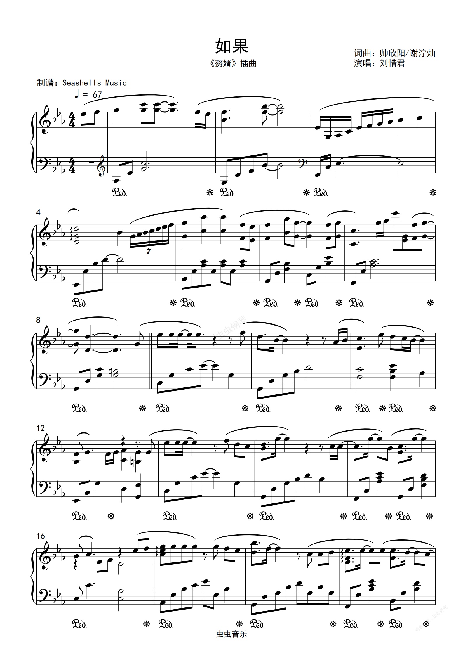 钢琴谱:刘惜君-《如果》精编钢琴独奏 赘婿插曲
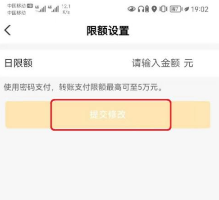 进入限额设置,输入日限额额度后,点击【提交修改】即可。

--

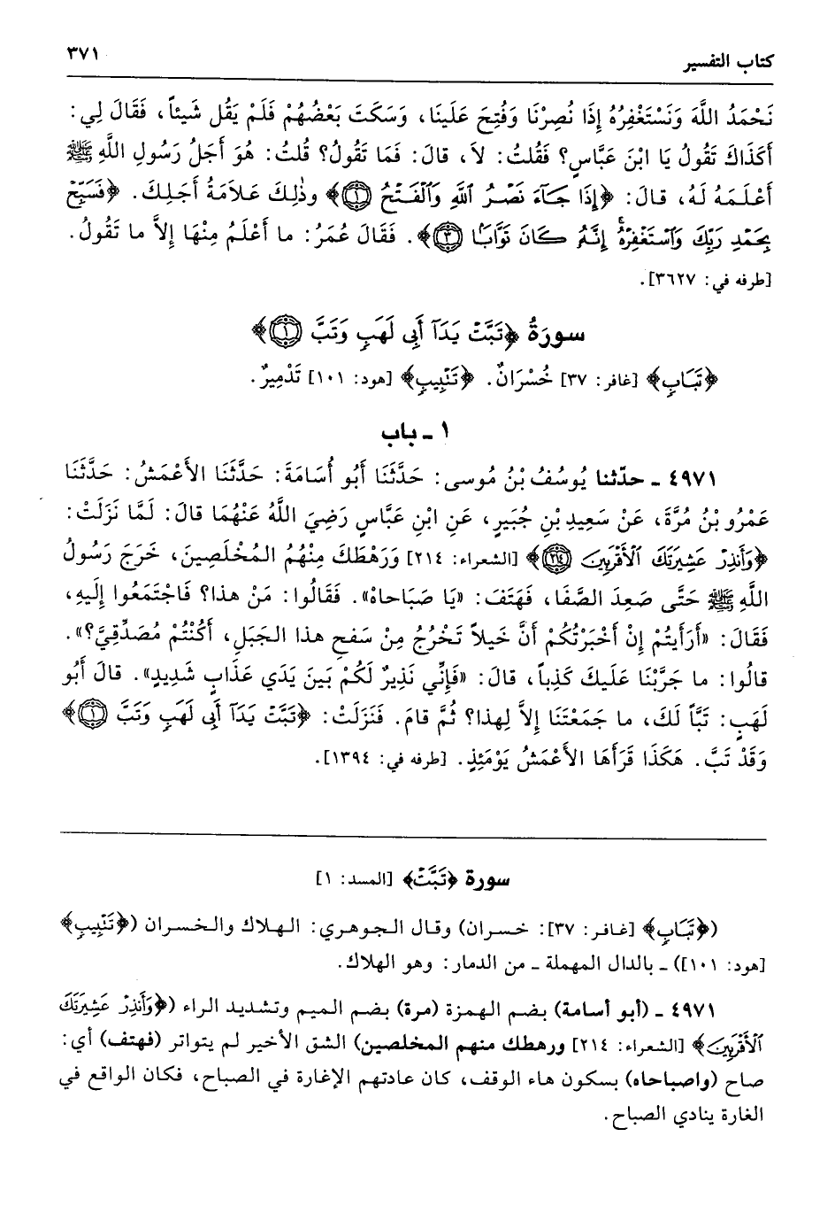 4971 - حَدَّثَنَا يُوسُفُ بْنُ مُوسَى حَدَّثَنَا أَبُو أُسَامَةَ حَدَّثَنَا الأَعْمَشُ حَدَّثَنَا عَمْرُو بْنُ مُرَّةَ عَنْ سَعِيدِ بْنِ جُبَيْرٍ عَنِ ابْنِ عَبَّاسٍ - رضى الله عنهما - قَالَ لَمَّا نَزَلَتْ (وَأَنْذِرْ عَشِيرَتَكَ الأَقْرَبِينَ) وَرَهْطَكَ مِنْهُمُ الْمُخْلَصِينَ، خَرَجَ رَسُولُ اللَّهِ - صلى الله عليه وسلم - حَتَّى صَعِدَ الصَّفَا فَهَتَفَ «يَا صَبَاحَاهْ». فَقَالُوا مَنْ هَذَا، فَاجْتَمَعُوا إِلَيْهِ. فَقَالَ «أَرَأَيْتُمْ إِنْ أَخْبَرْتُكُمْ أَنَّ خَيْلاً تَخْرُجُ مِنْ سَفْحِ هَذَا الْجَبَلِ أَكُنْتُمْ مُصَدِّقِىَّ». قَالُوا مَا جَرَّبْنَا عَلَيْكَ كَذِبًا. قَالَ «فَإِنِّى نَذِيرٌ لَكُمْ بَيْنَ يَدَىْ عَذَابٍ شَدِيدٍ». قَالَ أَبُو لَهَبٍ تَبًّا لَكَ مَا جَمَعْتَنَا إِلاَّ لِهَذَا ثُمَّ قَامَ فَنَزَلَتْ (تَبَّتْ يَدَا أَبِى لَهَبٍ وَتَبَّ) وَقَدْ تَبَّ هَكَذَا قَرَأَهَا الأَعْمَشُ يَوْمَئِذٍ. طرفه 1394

### GOAL OF THE EXERCISE
Once the line with "钢琴谱:刘惜君-《如果》精编钢琴独奏 赘婿插曲" is found in the data above, reproduce it and each line after it exactly, through the line with "进入限额设置,输入日限额额度后,点击【提交修改】即可。". Omit the pictures.

### THE ANSWER
 钢琴谱:刘惜君-《如果》精编钢琴独奏 赘婿插曲
 进入限额设置,输入日限额额度后,点击【提交修改】即可。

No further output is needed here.